Your assignment:
Restate word for word the section of the entries that opens at the line containing "本体:約41g 収納時:16cm 伸長時:62cm" and closes at the line containing "- 外国語(48.1%)、算", both lines kept, pictures dropped.

(Data to use)

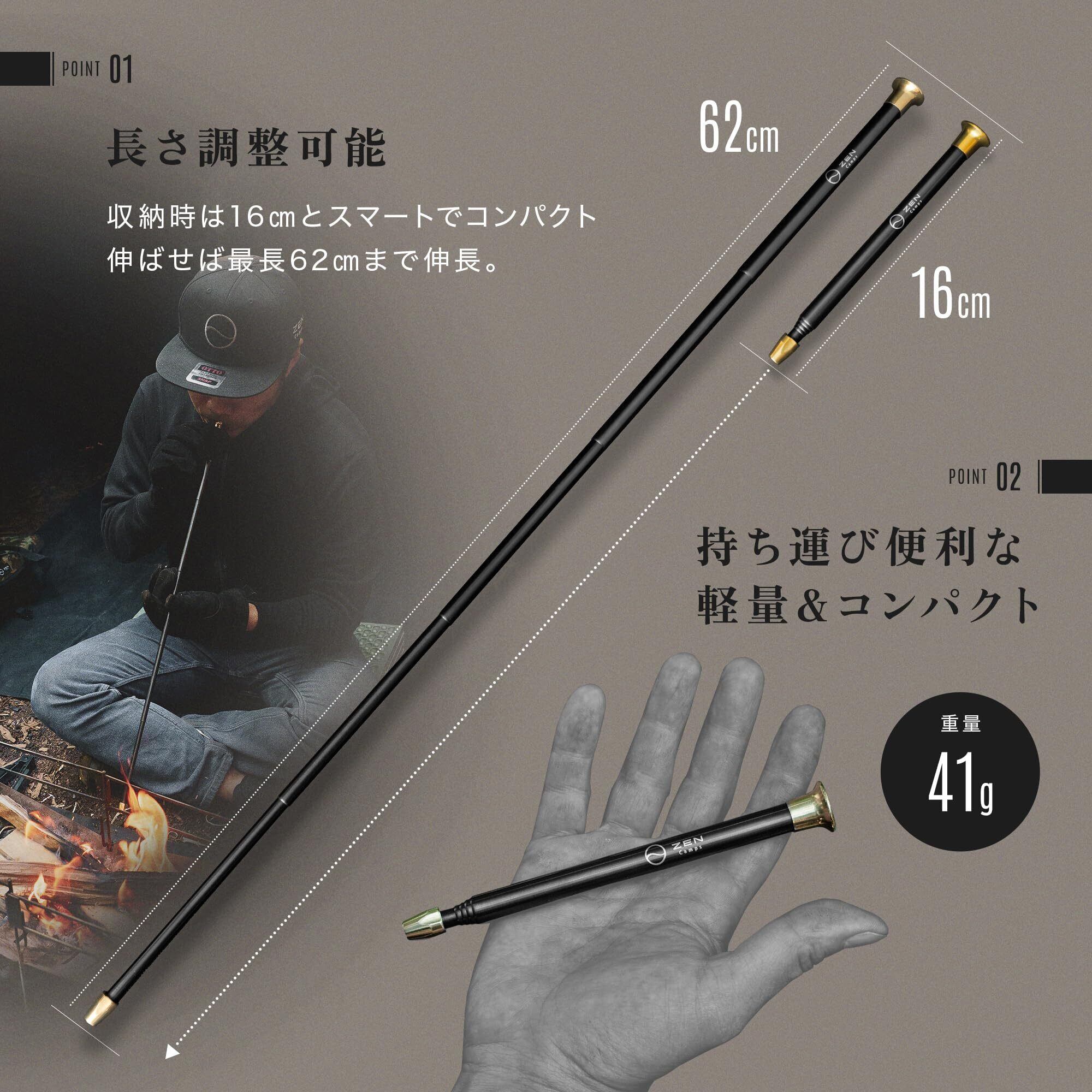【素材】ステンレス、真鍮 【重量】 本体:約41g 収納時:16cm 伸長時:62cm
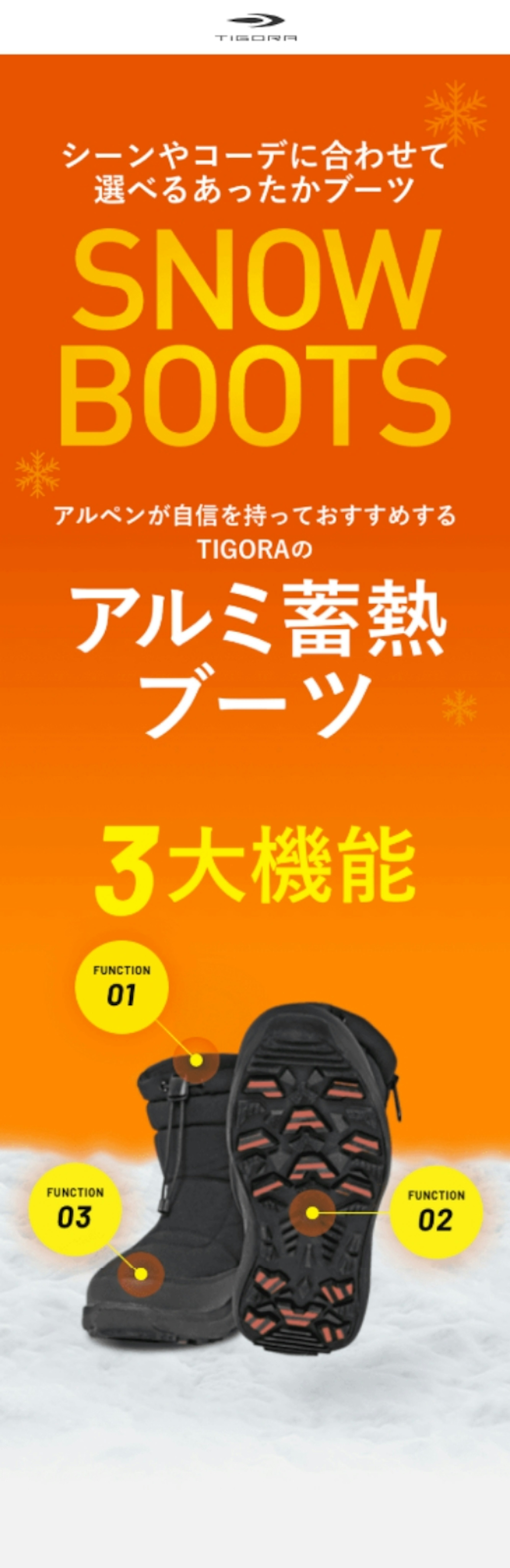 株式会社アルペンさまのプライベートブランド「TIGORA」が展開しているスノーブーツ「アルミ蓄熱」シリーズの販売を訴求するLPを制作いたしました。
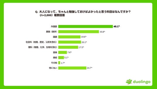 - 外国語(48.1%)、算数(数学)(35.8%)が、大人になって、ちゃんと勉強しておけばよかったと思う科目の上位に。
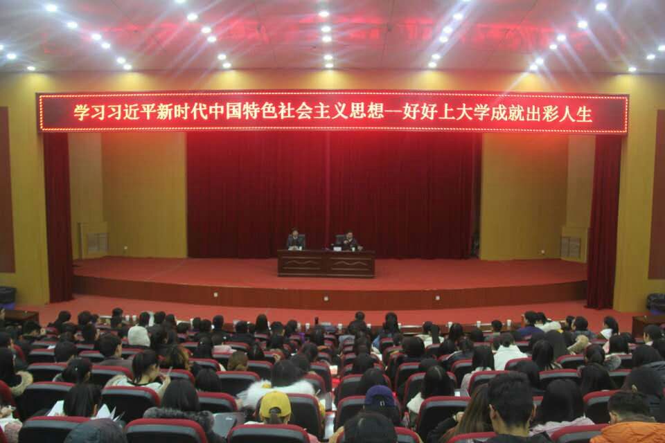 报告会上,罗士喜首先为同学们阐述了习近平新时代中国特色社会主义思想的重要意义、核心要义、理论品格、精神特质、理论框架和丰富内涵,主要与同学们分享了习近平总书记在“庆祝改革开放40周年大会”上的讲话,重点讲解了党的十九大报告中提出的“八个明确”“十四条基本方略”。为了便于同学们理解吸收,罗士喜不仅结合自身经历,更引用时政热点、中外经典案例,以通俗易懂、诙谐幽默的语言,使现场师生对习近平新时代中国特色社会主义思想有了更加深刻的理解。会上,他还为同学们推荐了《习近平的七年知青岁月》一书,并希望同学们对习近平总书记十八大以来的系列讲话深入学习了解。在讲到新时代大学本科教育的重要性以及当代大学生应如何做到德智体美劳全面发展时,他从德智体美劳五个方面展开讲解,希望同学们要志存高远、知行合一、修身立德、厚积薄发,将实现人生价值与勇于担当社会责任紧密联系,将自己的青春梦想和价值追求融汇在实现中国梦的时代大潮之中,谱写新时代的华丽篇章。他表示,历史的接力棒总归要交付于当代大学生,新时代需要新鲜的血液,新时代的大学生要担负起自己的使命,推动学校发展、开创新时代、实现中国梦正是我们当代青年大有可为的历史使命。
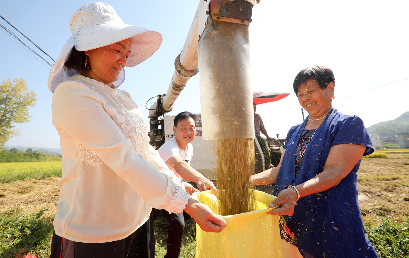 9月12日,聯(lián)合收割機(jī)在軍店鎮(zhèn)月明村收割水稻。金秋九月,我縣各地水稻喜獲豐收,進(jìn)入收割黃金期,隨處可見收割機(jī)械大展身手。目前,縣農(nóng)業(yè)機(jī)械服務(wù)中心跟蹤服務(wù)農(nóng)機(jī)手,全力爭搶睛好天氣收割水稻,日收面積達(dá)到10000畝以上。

(End Data to use)
(Data to use)

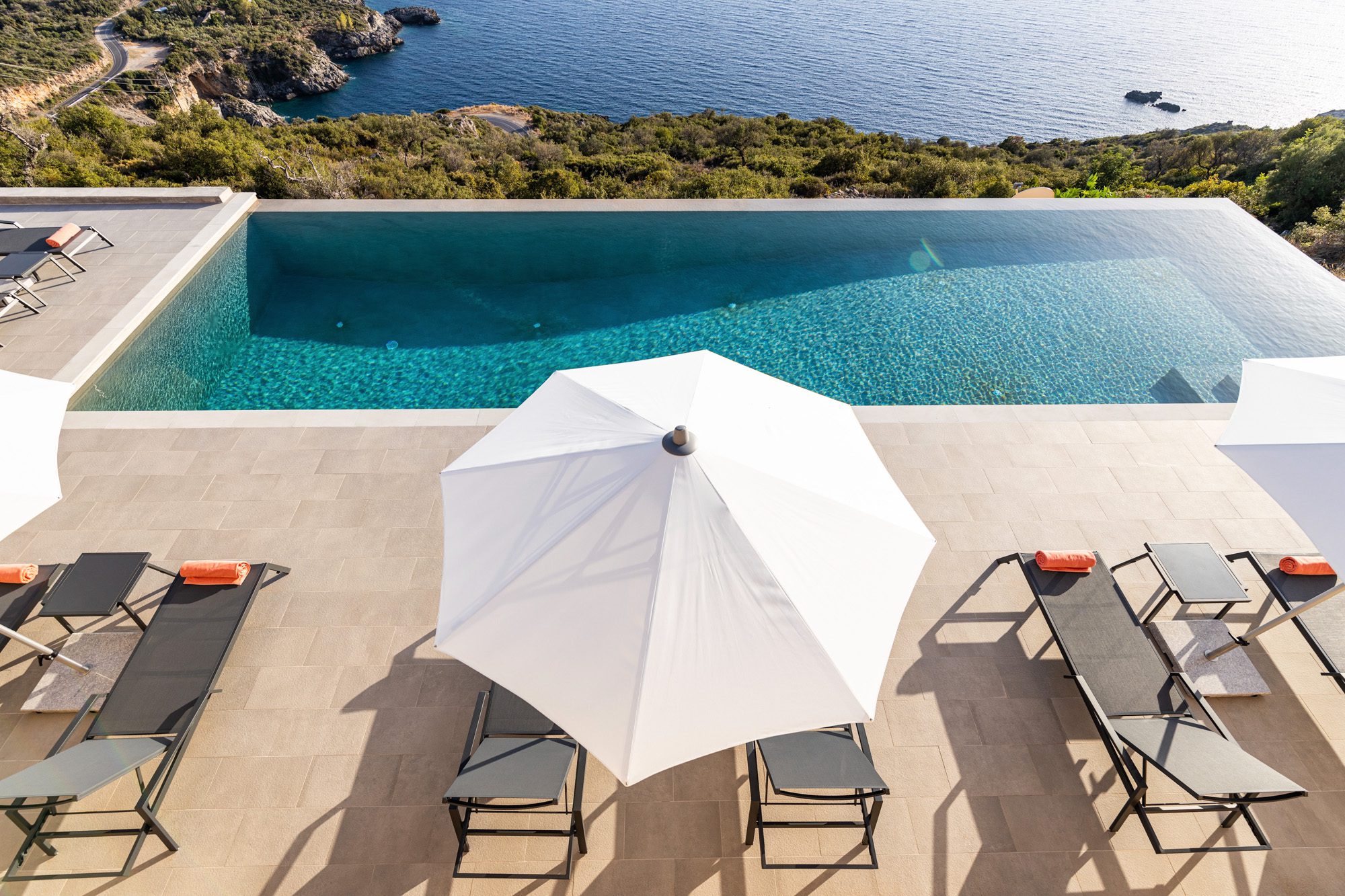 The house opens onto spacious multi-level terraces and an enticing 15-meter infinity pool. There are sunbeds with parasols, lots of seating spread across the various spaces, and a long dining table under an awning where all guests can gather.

(End Data to use)
(Data to use)

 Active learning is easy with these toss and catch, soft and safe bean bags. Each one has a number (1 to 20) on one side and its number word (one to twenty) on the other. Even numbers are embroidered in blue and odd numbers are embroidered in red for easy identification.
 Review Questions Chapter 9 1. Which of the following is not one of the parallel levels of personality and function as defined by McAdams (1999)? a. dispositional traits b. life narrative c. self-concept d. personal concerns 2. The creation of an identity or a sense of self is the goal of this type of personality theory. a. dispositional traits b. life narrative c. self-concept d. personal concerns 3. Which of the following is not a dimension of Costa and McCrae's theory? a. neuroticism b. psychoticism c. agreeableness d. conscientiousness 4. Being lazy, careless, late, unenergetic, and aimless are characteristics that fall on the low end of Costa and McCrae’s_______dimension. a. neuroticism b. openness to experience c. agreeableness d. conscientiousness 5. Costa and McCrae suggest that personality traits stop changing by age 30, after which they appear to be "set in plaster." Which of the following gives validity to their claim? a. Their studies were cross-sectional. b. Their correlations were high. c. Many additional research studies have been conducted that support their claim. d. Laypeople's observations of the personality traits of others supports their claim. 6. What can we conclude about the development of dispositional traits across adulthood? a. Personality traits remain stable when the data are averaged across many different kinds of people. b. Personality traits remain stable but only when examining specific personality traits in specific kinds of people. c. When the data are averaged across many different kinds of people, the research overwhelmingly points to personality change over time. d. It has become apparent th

(End Data to use)

Written solution:
【素材】ステンレス、真鍮 【重量】 本体:約41g 収納時:16cm 伸長時:62cm
 株式会社アルペンさまのプライベートブランド「TIGORA」が展開しているスノーブーツ「アルミ蓄熱」シリーズの販売を訴求するLPを制作いたしました。
 - 外国語(48.1%)、算数(数学)(35.8%)が、大人になって、ちゃんと勉強しておけばよかったと思う科目の上位に。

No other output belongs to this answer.